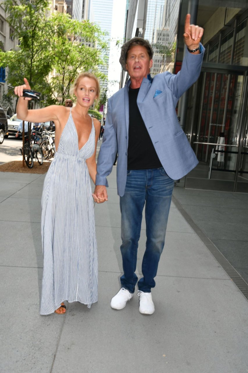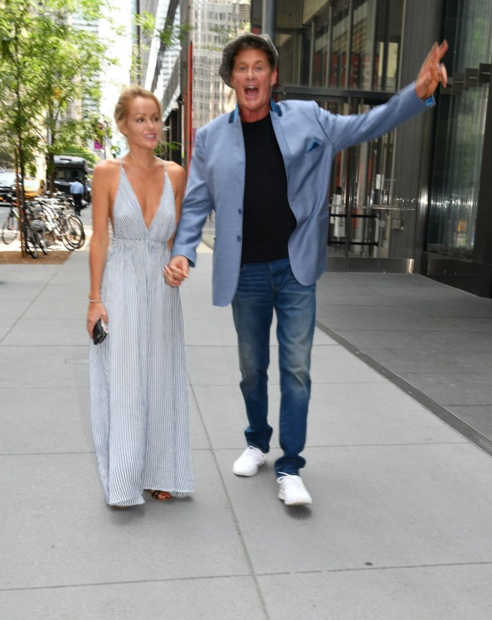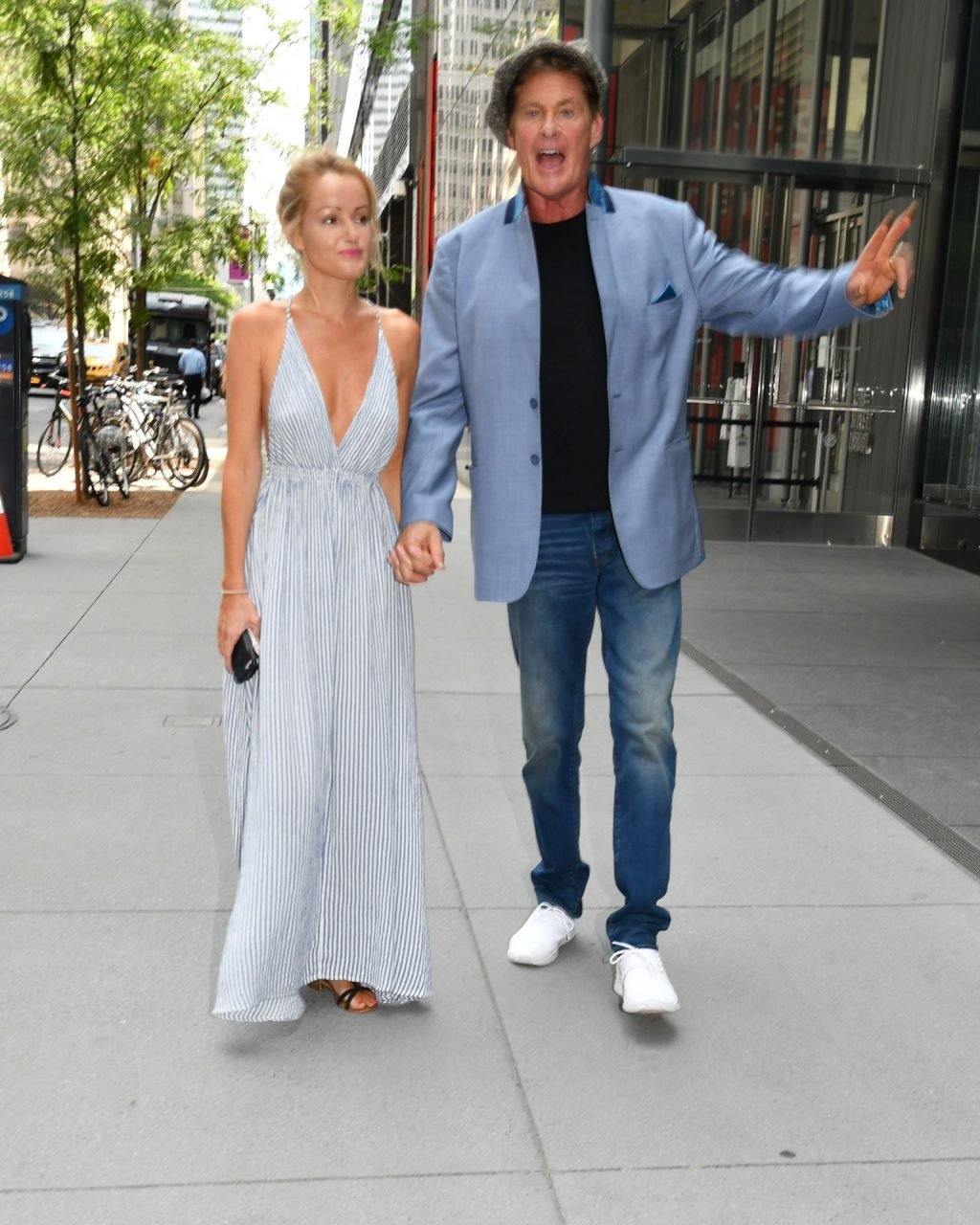 David Hasselhoff y Hayley Roberts están sonriendo mientras comparten un beso en la ciudad de Nueva York, 07/10/2019. La actriz de 38 años llevaba un vestido azul claro sin sujetador.
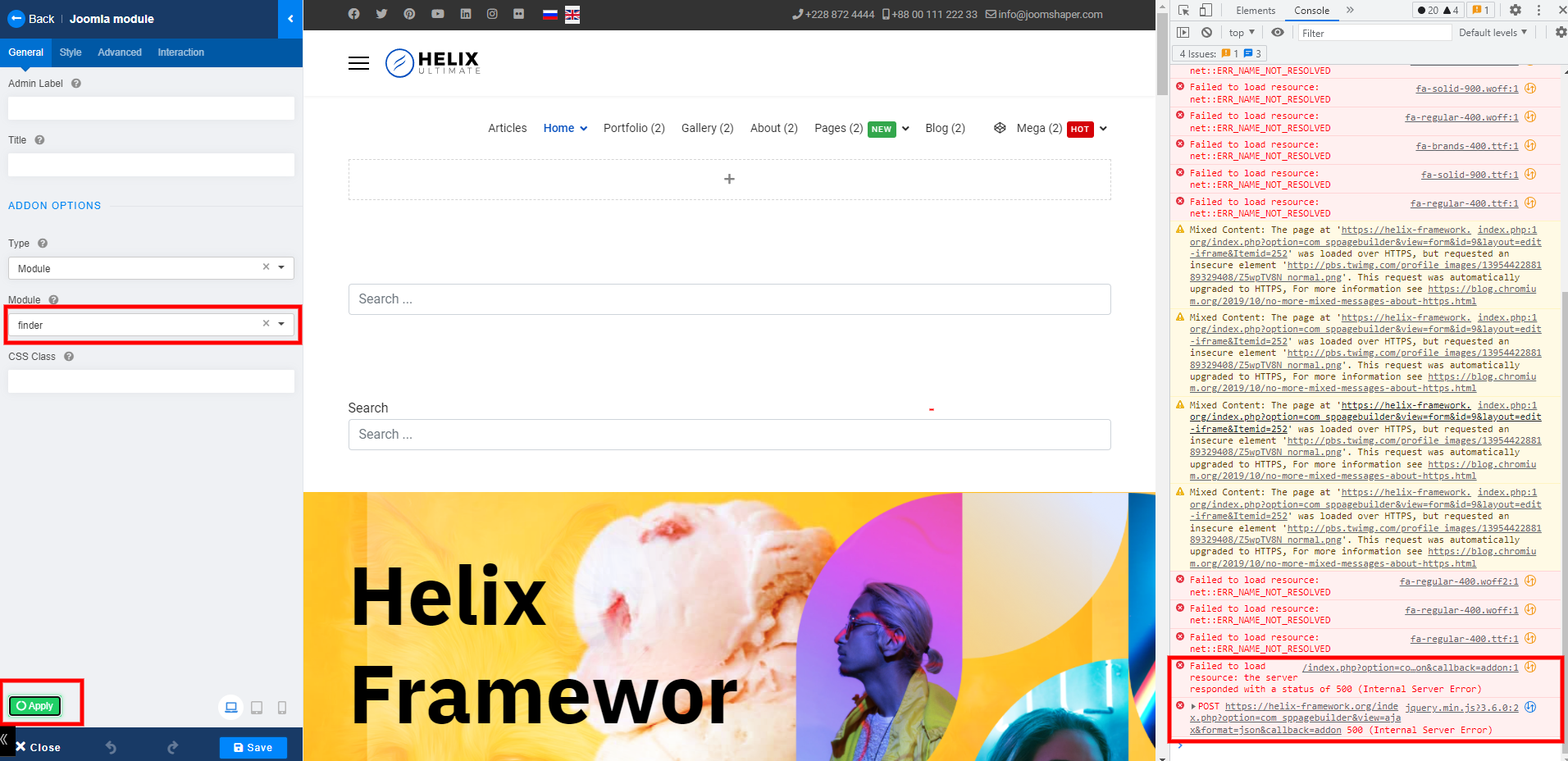 When you try to load the mod_finder module in SP Page Builder using the Joomla Module addon, it does not load, after pressing the Apply button it generates a 500 error in the console.
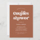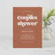 Esta sencilla y boho invitación a la ducha de parejas bodas presenta una tipografía blanca y retro sobre un fondo neutro de terracota.
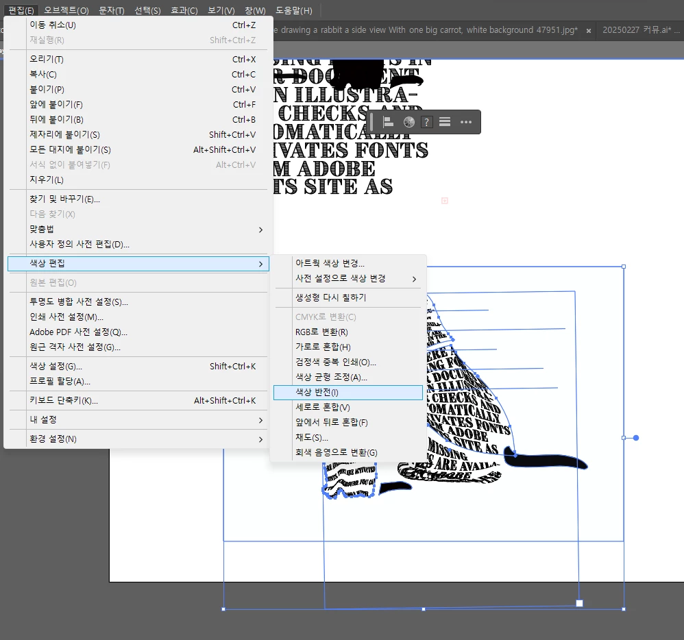 흑백 반전을 원하는경우 흰색의 네모난 오브젝트를 생성후, 전체 오브젝트 선택
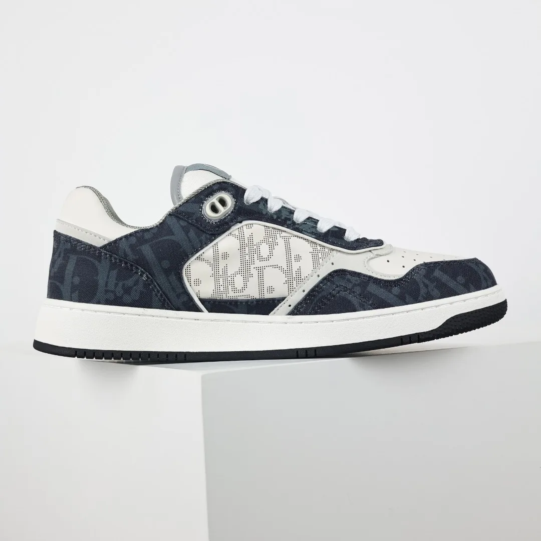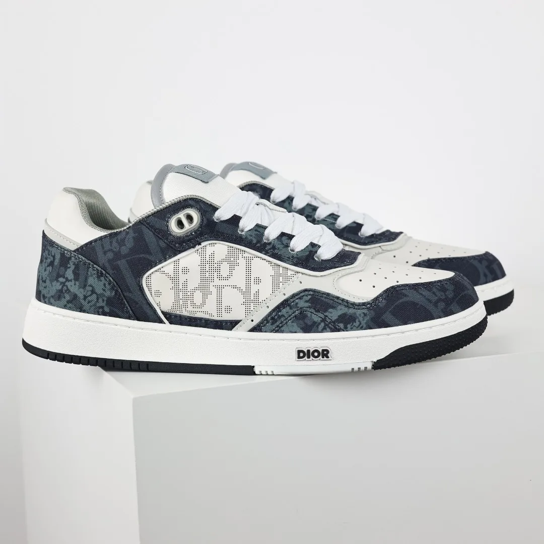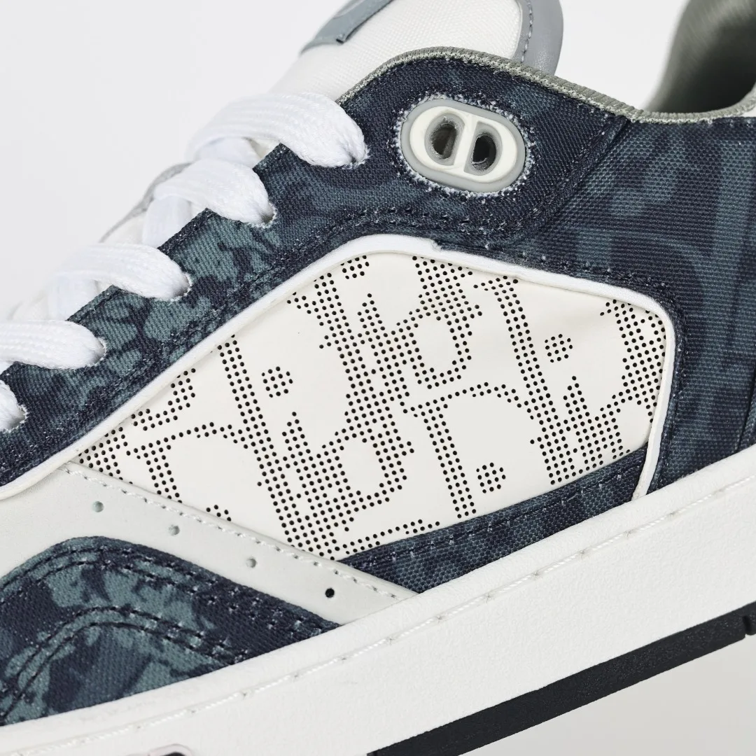 This B27 sneaker is a classic item from DIOR, meticulously crafted from smooth cowhide leather, featuring beige and black jacquard Oblique print trim (laser perforation) on the sides, complemented by CD icon eyelets, a two-tone rubber sole, and iconic details on the tongue and heel, making it more refined and stylish, suitable for various outfits. Available in blue, cream white, and DIOR gray smooth cowhide leather, with beige and black jacquard fabric oblique print, DIOR logo on the sole and eyelets, lace-up closure with CD icon eyelets, mesh fabric lining, two-tone rubber outsole, side seam stitching structure, includes dust bag and a pair of shoelaces, complete with authentic Italian packaging.

####################

→ **TASK GOAL**: Your answer must be an exact copy of the lines from the start of the entries through the line with "흑백 반전을 원하는경우 흰색의 네모난 오브젝트를 생성후, 전체 오브젝트 선택", with no pictures.

→ **SOLUTION TO THE EXERCISE**:
 David Hasselhoff y Hayley Roberts están sonriendo mientras comparten un beso en la ciudad de Nueva York, 07/10/2019. La actriz de 38 años llevaba un vestido azul claro sin sujetador.
 When you try to load the mod_finder module in SP Page Builder using the Joomla Module addon, it does not load, after pressing the Apply button it generates a 500 error in the console.
 Esta sencilla y boho invitación a la ducha de parejas bodas presenta una tipografía blanca y retro sobre un fondo neutro de terracota.
 흑백 반전을 원하는경우 흰색의 네모난 오브젝트를 생성후, 전체 오브젝트 선택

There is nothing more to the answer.